*Task description*: Line by line, output everything from the one that contains "Best Memorial Jewelry" through the end of the material below, exactly as written and with no pictures.

*Collected data*:
◇ ◇ ◇ ◇ ◇
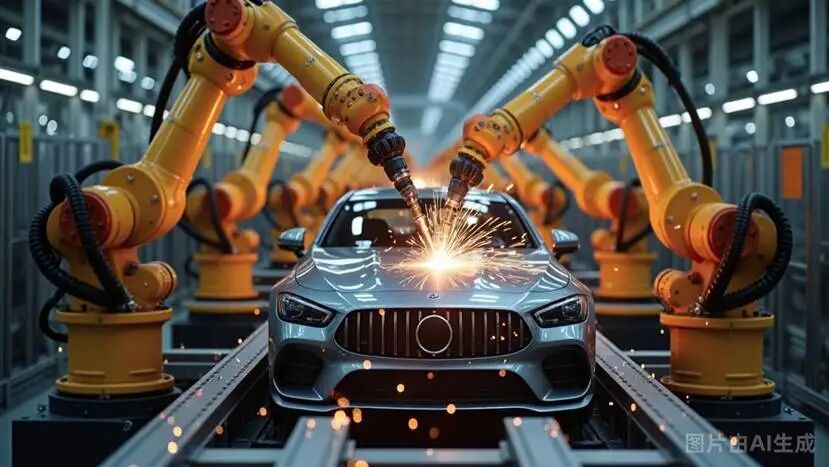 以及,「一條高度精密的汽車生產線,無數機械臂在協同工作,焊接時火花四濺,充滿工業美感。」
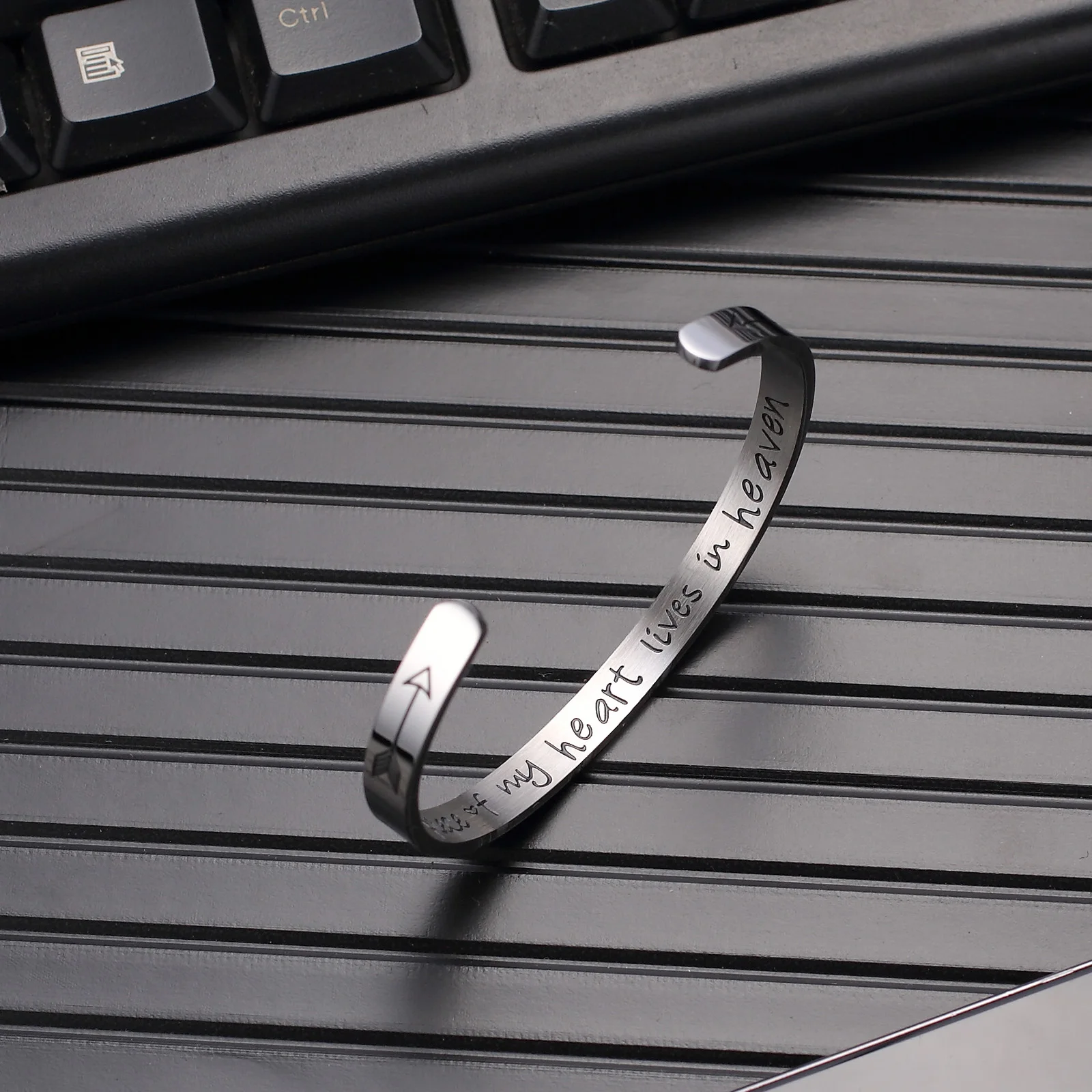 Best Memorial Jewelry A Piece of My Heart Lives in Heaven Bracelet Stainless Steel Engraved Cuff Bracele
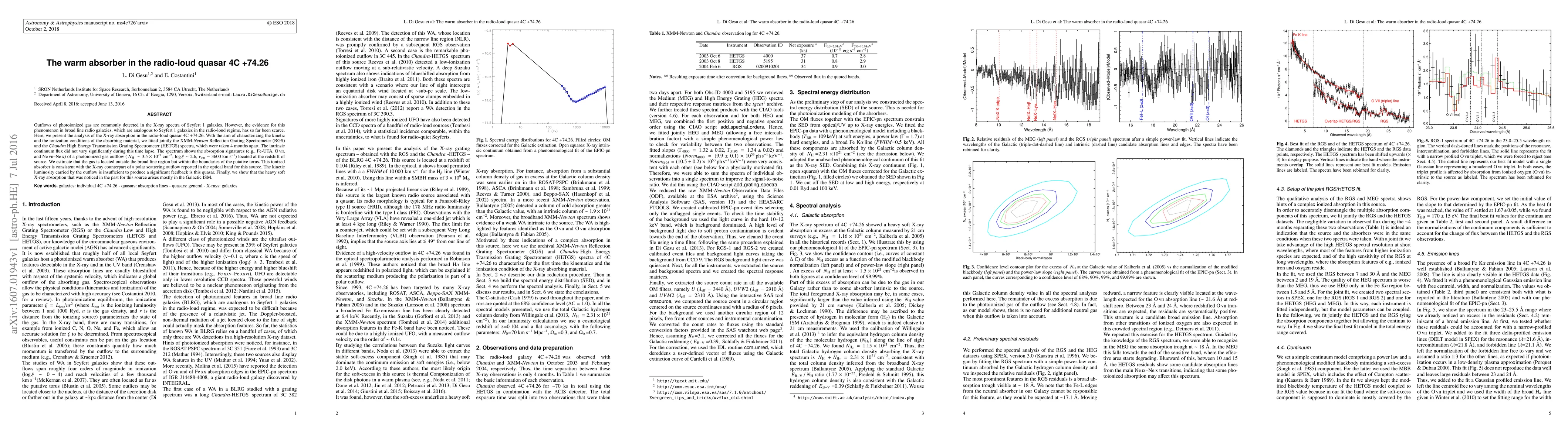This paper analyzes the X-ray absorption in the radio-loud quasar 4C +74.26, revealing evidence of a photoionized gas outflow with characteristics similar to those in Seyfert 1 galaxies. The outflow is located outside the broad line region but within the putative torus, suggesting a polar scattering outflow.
◇ ◇ ◇ ◇ ◇
*Result of this exercise*:
 Best Memorial Jewelry A Piece of My Heart Lives in Heaven Bracelet Stainless Steel Engraved Cuff Bracele
This paper analyzes the X-ray absorption in the radio-loud quasar 4C +74.26, revealing evidence of a photoionized gas outflow with characteristics similar to those in Seyfert 1 galaxies. The outflow is located outside the broad line region but within the putative torus, suggesting a polar scattering outflow.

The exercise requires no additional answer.